DETAILED DESCRIPTION
[0052] Example embodiments of the present invention are described
more fully hereinafter with reference to the accompanying drawings.
The present invention may, however, be embodied in many different
forms and should not be construed as limited to the example
embodiments set forth herein. In the drawings, the sizes and
relative sizes of layers and regions may be exaggerated for
clarity.
[0053] It will be understood that when an element or layer is
referred to as being "on," "connected to" or "coupled to" another
element or layer, it may be directly on, connected or coupled to
the other element or layer or one or more intervening elements or
layers may be present. In contrast, when an element is referred to
as being "directly on," "directly connected to" or "directly
coupled to" another element or layer, there are no intervening
elements or layers present.

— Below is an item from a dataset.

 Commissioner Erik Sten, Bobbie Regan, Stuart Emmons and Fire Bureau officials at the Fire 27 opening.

Like or similar reference numerals
refer to like or similar elements throughout. As used herein, the
term "and/or" includes any and all combinations of one or more of
the associated listed items.
[0054] It will be understood that, although the terms "first,"

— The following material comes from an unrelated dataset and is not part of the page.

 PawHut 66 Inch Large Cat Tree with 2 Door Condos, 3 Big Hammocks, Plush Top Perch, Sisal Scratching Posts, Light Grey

"second," "third," etc. may be used herein to describe various
elements, components, regions, layers, patterns and/or sections,
these elements, components, regions, layers, patterns and/or
sections should not be limited by these terms. These terms are only
used to distinguish one element, component, region, layer pattern
or section from another region, layer, pattern or section. Thus, a
first element, component, region, layer or section discussed below
could be termed a second element, component, region, layer or
section without departing from the scope of the present
invention.
[0055] Spatially relative terms, such as "beneath," "below,"
"lower," "above," "upper" and the like, may be used herein for ease
of description to describe one element or feature's relationship to
another element(s) or feature(s) as illustrated in the figures. It
will be understood that the spatially relative terms are intended
to encompass different orientations of the device in use or
operation in addition to the orientation depicted in the figures.
For example, if the device in the figures is turned over, elements
described as "below" or "beneath" other elements or features would
then be oriented "above" the other elements or features. Thus, the
exemplary term "below" can encompass both an orientation of above
and below. The device may be otherwise oriented (rotated 90 degrees
or at other orientations) and the spatially relative descriptors
used herein interpreted accordingly.
[0056] The terminology used herein is for the purpose of describing
particular example embodiments only and is not intended to be
limiting of the invention. As used herein, the singular forms "a,"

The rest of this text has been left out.